If your immune system is impaired or weakened, your doctor may recommend you take antibiotics to prevent bacteria from growing in your lungs.

Pneumonia shot

Pneumococcal disease is common in young children, but older adults are at greatest risk of serious illness and death. There are two kinds of vaccines that help prevent pneumococcal disease.

There isn’t a vaccine for all types of pneumonia, but 2 vaccines are available that help prevent pneumococcal disease, which is any type of infection caused by Streptococcus pneumoniae bacteria.

The first is called the pneumococcal conjugate vaccine (PCV) or (PCV13 or Prevnar 13^®). It is recommended for all children younger than 5 years of age.
The pneumococcal polysaccharide vaccine (PPSV) or (PPSV23 or Pneumovax23^®) is recommended for children 2 years of age and older who are at increased risk for pneumonia (such as children who have weakened immune systems), and for adults who have risk factors for pneumonia.

The Centers for Disease Control and Prevention (CDC) recommends pneumococcal conjugate (PCV) vaccination for:

All babies and children younger than 2 years old
All adults 65 years or older
People 2 through 64 years old with certain medical conditions

CDC recommends pneumococcal polysaccharide (PPSV) vaccination for:

All adults 65 years or older
People 2 through 64 years old with certain medical conditions
Adults 19 through 64 years old who smoke cigarettes

The pneumococcal vaccine is recommended if you:

Are 65 years of age or older
Smoke
Abuse alcohol
Have certain chronic conditions, such as asthma, diabetes, heart disease or lung disease
Have cirrhosis
Have a condition that weakens your immune system, such as the human immunodeficiency virus (HIV), acquired immunodeficiency syndrome (AIDS), kidney failure or a damaged spleen
Have had your spleen removed for any reason
Have sickle cell disease
Have cochlear implants (an electronic device that helps you hear)
Are taking medicine for a recent organ transplant (these medicines suppress your immune system)
Are receiving chemotherapy

Pneumococcal vaccines that help protect against pneumococcal disease work well, but cannot prevent all cases. But they can make it less likely that people who are at risk will experience the severe, and possibly life-threatening, complications of pneumonia.

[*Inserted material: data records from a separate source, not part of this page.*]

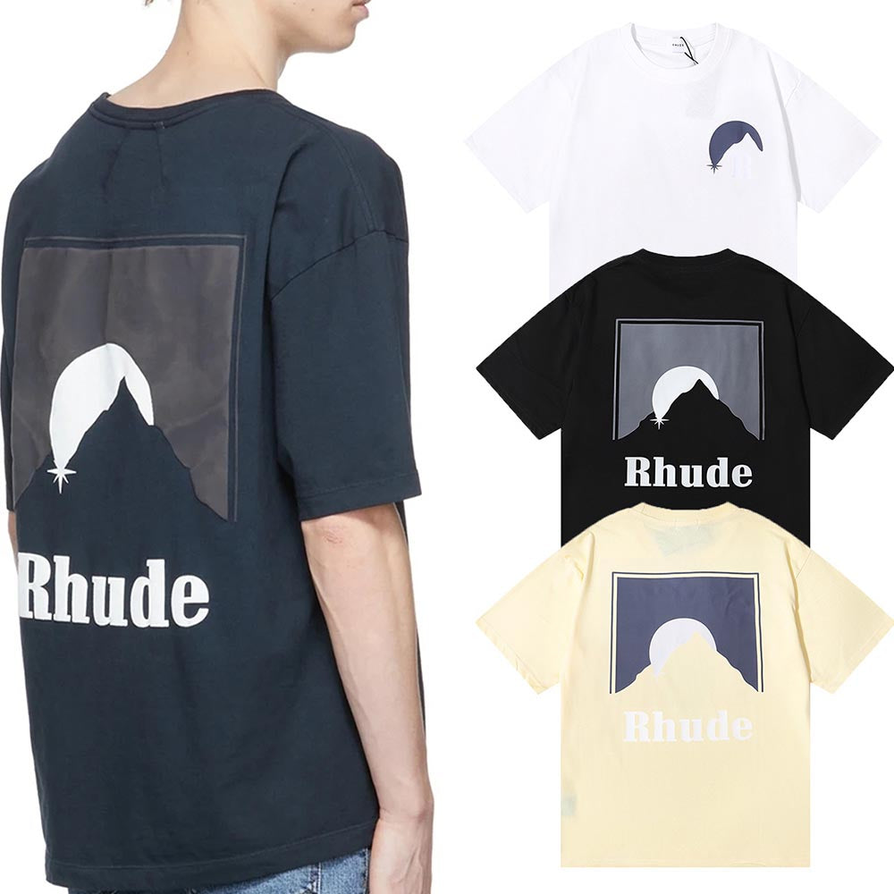 Rhude T Shirts Black Moon Print Loose Casual Short Sleeve Men and Women
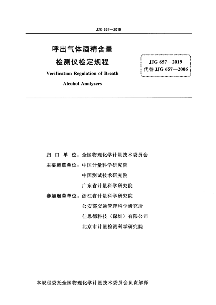 中国计量科学研究院、中国测试技术研究院、广东省计量科学研究院、浙江省计量科学研究院、公安部交通管理科学研究所、佳思德科技(深圳)有限公司、北京市计量检测科学研究院
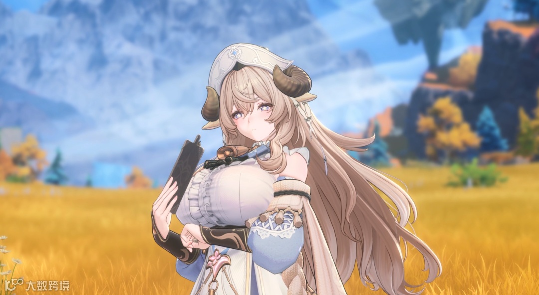 艾妮丝则是典型的羊角少女装扮,有着浅棕渐变的蓬松长发,头顶一对小巧的羊角,搭配白色修女风软帽,温柔又神圣。紧身胸衣勾勒出柔和曲线,外搭层叠蕾丝与精致刺绣的长裙,腰间垂落的流苏与钥匙状挂饰增添了复古感。整体造型既带着清新治愈,又因羊角元素而充满奇幻。
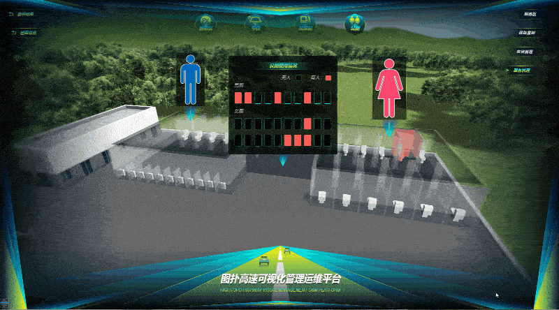 服务区卫生间也实现了智慧化升级,可实现实时空余厕位数量的显示,有效引导旅客避开如厕高峰。运维人员通过图扑 Hightopo 可视化可实时查看公厕的使用情况等数据,便于安排保洁进行厕所消杀等清洁工作。
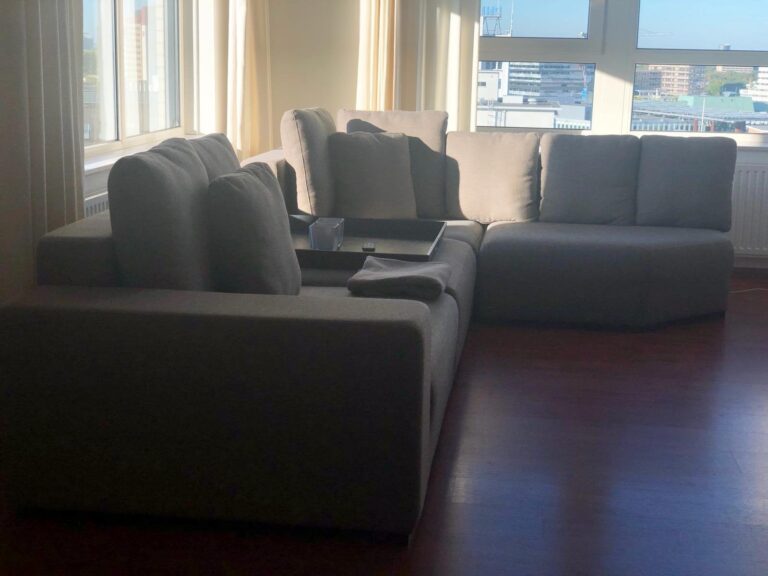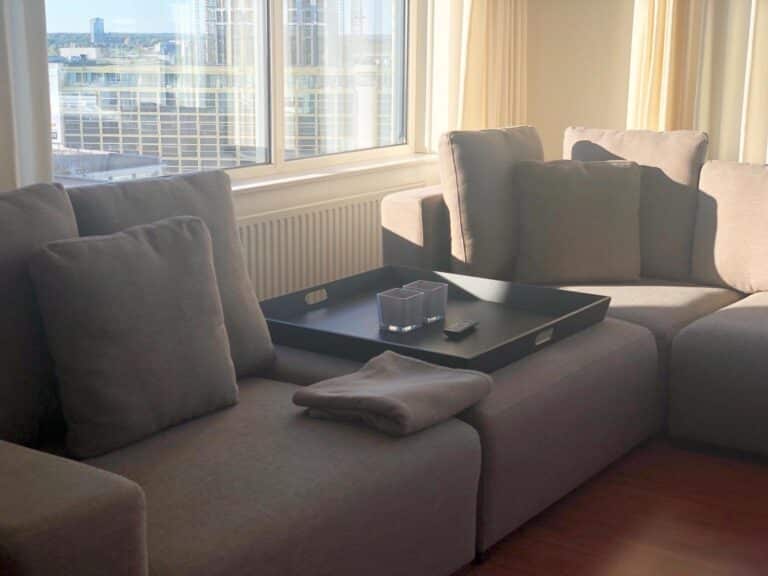 Ruime, luxe ingerichte living met fraai uitzicht over de stad, voorzien van een moderne zithoek en een eethoek.
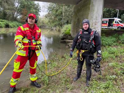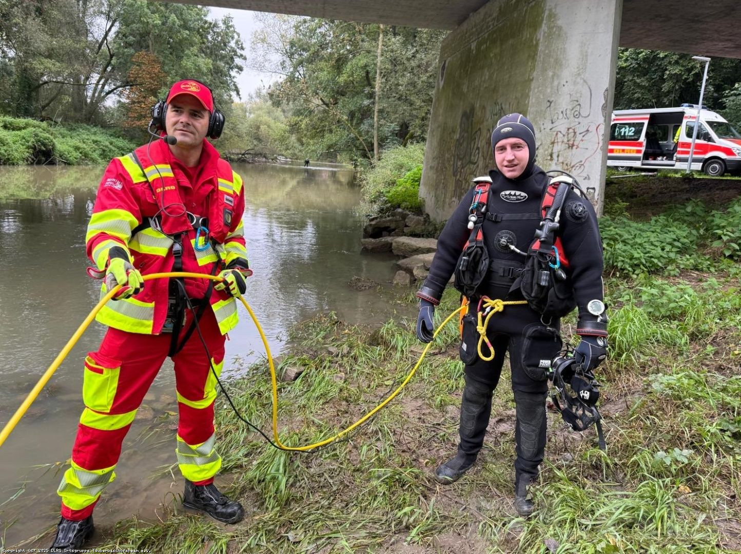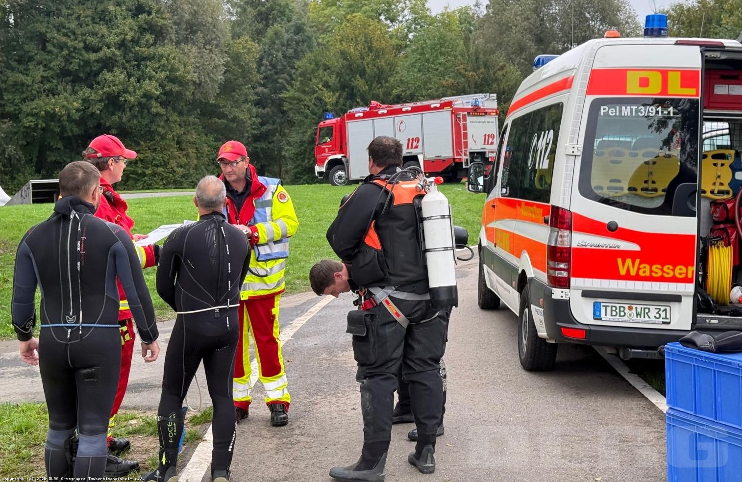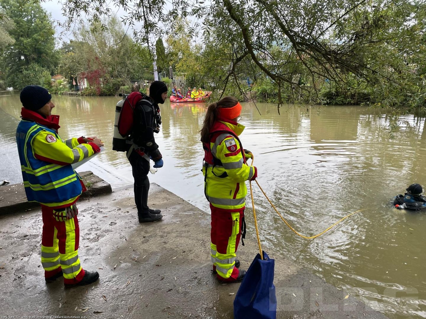 Durch die ILS Main-Tauber wurde daraufhin gemäß Alarm- und Ausrückeordnung die DLRG Gruppen Tauberbischofsheim und Königshofen sowie Feuerwehren und Rettungsdienst alarmiert. Bereits auf der Anfahrt konnte uns die ersteintreffende DLRG Königshofen via Digitalfunk eine erste Lagemeldung geben. Vor Ort wurde ein Tauchtrupp und ein Suchtrupp zusammengestellt. Die Drohne der Königshöfer DLRG kam ebenso zum Einsatz.
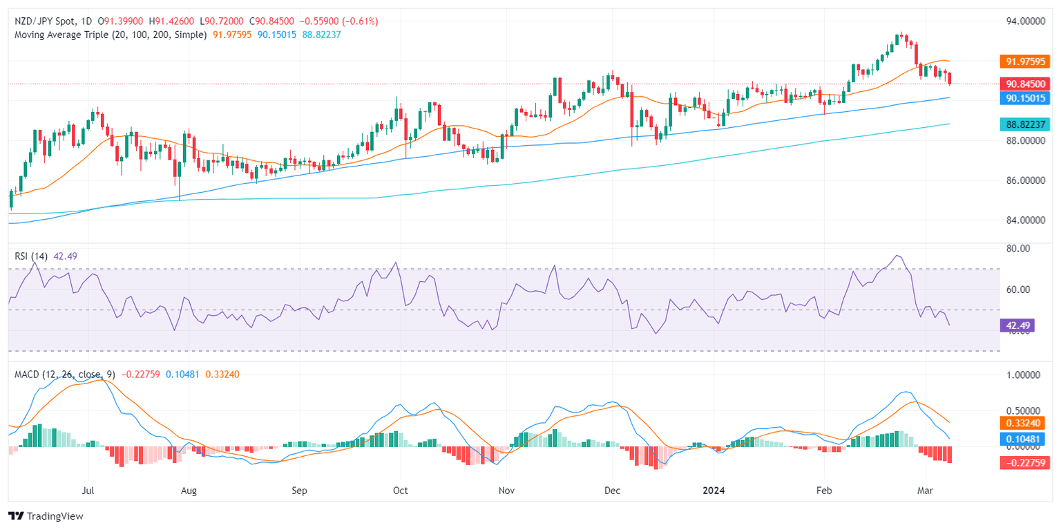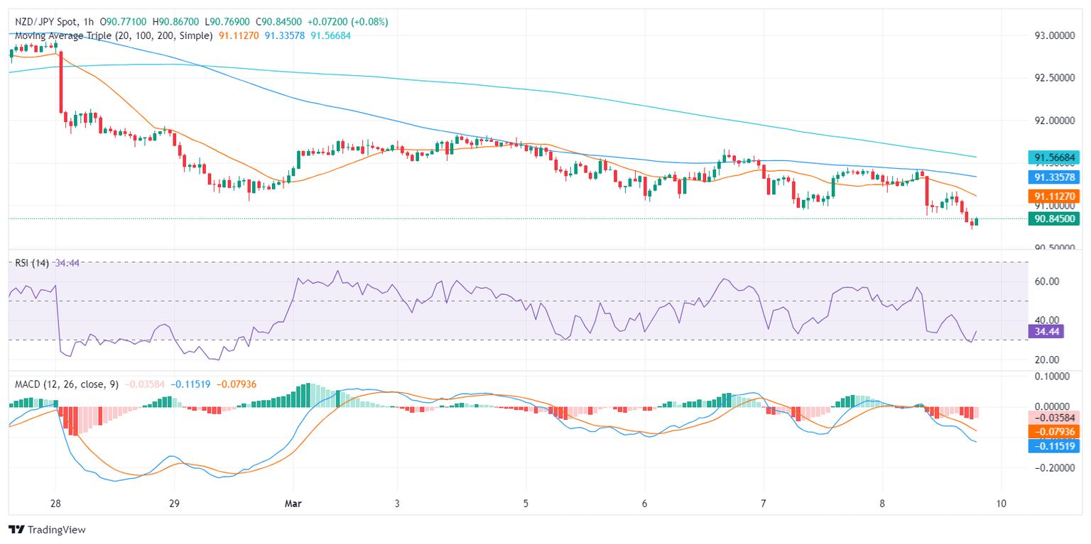 In Friday's session, the NZD/JPY pair is currently changing hands at 90.84, down 0.50%. The technical outlook for the pair points to strong control from sellers. Even though the market has been under a selling spree, recent conditions hint at a potential weakening of this selling pressure.
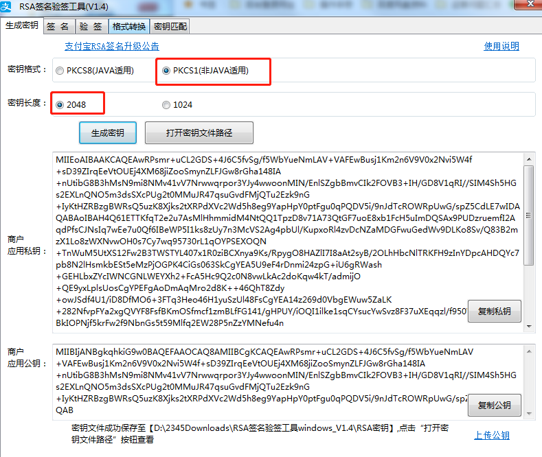 * \[6\]密钥格式选择:PKCS1(非java适用) ;密钥长度:2048 位
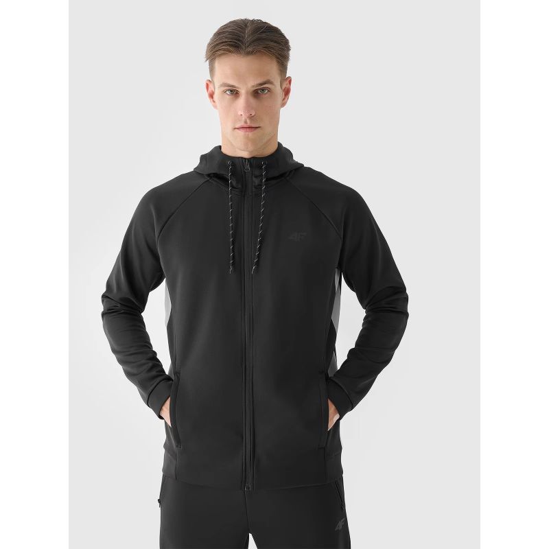 Bluza do ćwiczeń rozpinana dla mężczyzny jest wykonana z materiału syntetycznego, który zapewnia trwałość i jest łatwy w pielęgnacji. Dzięki dodatkowi elastanu (5%) jest rozciągliwa i wygodnie układa się na sylwetce. Wykorzystane szybkoschnące włókna w technologii 4FDry wspierają odprowadzanie wilgoci z dala od ciała. Zintegrowany kaptur przy dekolcie z regulacją na troki. Mankiety z dzianiny zasadniczej. Po bokach znajdują się 2 kieszenie zapinane na zamek. Bluza jest zapinana na jednokierunkowy zamek główny. Raglanowe rękawy nie ograniczają ruchów.
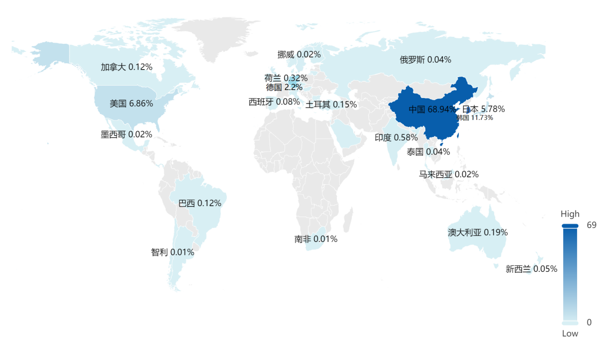 中国是全球智能家电技术第一大技术来源国,专利申请量占全球智能家电专利总申请量的68.94%,显示出中国在智能家电产业中的强大研发实力和创新能力。韩国是全球智能家电技术的第二大来源国,专利申请量占全球智能家电专利总申请量的11.73%。美国和日本分别排名第三和第四,专利申请量占比分别为6.86%和5.78%。除了以上四个主要国家外,其他国家在智能家电领域的专利申请量相对较少。
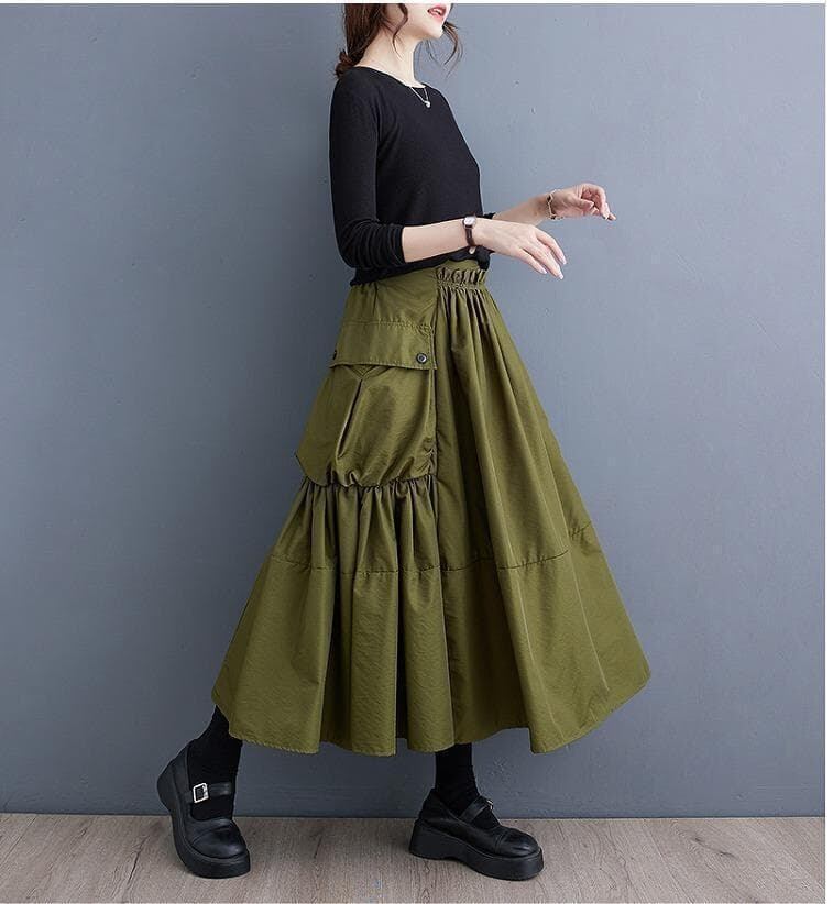 大きいサイズ レディース スカート カーキ 春 秋冬 新品

Studies* show that at least 1 dose of pneumococcal conjugate vaccine (PCV) protects:

At least 8 in 10 babies from serious infections called invasive pneumococcal disease
75 in 100 adults 65 years or older against invasive pneumococcal disease
45 in 100 adults 65 years or older against pneumococcal pneumonia

Studies* show that 1 dose of pneumococcal polysaccharide vaccine (PPSV) protects:

Between 50 to 85 in 100 healthy adults against invasive pneumococcal disease.

Who Should NOT Get These Vaccines?

Because of age or health conditions, some people should not get certain vaccines or should wait before getting them. Read the guidelines below and ask your or your child’s healthcare professional for more information.

Pneumococcal Conjugate Vaccine (PCV)

Tell the person who is giving you or your child a pneumococcal conjugate vaccine if:

You or your child have had a life-threatening allergic reaction or have a severe allergy.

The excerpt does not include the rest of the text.